One of the most prevalent forms of Humor of the Mind, Word Play pops up on the playground in the knock-knock joke and hangs on even in the nursing home; where memory of events grows dim, memory of language may live on. It sometimes occurs accidentally in newspaper headlines, such as Defendant’s Speech Ends in Long Sentence.
Or another example: from Richard Lederer’s Anguished English:
“Queen Elizabeth was the ‘Virgin Queen….’ When Elizabeth exposed herself before her troops, they all shouted “hurrah.” Then her navy went out and defeated the Spanish Armadillo.”
(Examples from Don Nielson, HUMOR ACROSS THE DISCIPLINES PowerPoints: # 1: "Accidental Humor.")
In literature, particularly in drama, we see Word Play adding spice to dialogue, keeping the audience on their toes. It often acts as an intensifier to other humorous effects.
Shakespeare is known for Word Play humor in virtually all of his comedies and many of his tragedies. Notably in As You Like It, Rosalind and Celia engage extensively in “flyghting,” a form of social quibbling popular in the court of Queen Elizabeth at the time. (See notably III, ii.) (For a fuller discussion, see “As You Like It As Enhanced by Humor.”)
Perhaps more comprehensible to the modern mind are the wit fests of Prince Hal and John Falstaff in Henry IV, Part I, with their puns, tropes, word games, and argumentative play. Typical is Falstaff’s line, “... were it not here apparent that thou art heir apparent . . .” (I.ii.57-58) and the prince’s skewering Falstaff with vile names: “…you starveling, you [eel-]skin, you dried neat’s tongue, you bull’s pizzle, you stockfish!” (II.iv.244-245). (For a fuller discussion, see Henry IV, Part I: Falstaff.)
Word Play has maintained its attraction over the centuries. In twentieth century film, Word Play is critical to the mesmerizing sales techniques of The Music Man, as in “T and that rhymes with P and that stands for ‘pool!’” But even before he starts his pitch, Professor Hill enters River City, Iowa engaged in a series of one-line repartees.

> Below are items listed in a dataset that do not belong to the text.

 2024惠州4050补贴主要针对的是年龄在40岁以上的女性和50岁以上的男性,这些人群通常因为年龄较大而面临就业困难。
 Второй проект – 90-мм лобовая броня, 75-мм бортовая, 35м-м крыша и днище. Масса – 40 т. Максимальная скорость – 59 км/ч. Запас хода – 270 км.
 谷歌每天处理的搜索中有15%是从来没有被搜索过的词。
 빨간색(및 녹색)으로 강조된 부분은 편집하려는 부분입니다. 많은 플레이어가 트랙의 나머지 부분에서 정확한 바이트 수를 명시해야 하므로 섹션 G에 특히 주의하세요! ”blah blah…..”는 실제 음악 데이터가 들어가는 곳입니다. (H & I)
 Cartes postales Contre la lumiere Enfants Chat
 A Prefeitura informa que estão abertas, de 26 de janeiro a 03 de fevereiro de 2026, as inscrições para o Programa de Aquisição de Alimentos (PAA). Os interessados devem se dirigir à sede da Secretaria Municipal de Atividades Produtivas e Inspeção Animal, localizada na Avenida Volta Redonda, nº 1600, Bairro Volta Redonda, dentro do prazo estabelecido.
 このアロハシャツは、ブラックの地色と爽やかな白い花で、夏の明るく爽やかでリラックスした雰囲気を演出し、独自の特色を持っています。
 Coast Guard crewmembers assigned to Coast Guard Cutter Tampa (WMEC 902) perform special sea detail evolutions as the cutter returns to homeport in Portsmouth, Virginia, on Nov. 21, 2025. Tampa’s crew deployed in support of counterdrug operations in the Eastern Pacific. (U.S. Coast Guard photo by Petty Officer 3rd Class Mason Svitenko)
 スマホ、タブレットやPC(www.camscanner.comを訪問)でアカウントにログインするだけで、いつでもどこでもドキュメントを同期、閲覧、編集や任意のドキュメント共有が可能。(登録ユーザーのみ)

“That’s a fine animal you have there.” “For a horse.”
“Where’s the center of town? “Down the center of the street.”
“Where can I find a fine hotel?” “Try the Palmer House in Chicago.”
Like a great deal of Word Play, the repartee of the opening scenes gets funnier and funnier. (See "The Music Man: Think “The Minuet in G”.)
In Father of the Bride II, Martin Short as Franck the wedding coordinator nearly upstages Steve Martin with his audacious usage, shifts in level, and bizarre mispronunciations:
Franck Eggelhoffer: Uh-oh, I bring the wrong color thread. I assumed you'd be wearing a black "tuxado."
George: It is a black "tuxado."
Franck Eggelhoffer: I don't think so, babe. This tux is "nuffy" blue. No doubt about it.
George: What're you talking about? Armani doesn't make a blue tuxedo.
Franck Eggelhoffer: Armani don't also make "polyaster."
Robin Williams was a master of dazzling Word Play, as exhibited in Disney’s Aladdin. Williams’ voice as Genie creates a fireworks of verbal gymnastics and Word Play, as, for example,
Genie: [as a group of cheerleaders] Rick 'em, rack 'em, rock 'em, rake! Stick that sword into that snake!
Jafar: [as a snake] You stay out of thisss!
Genie: [weakly] Jafar, Jafar, he's our man. If he can't do it, GREAT!
Genie’s performance exemplifies the textural effect of concentrated Word Play in a film or stage play: razzle dazzle, mesmerizing, pacing, spectacular. (See "Aladdin: Do You Trust Me?")
Humor in literature is not stand-alone. Rather it must serve the whole work, while frequently intensifying other features of the whole. At the same time, it may be richer and deeper because it is part of a larger context.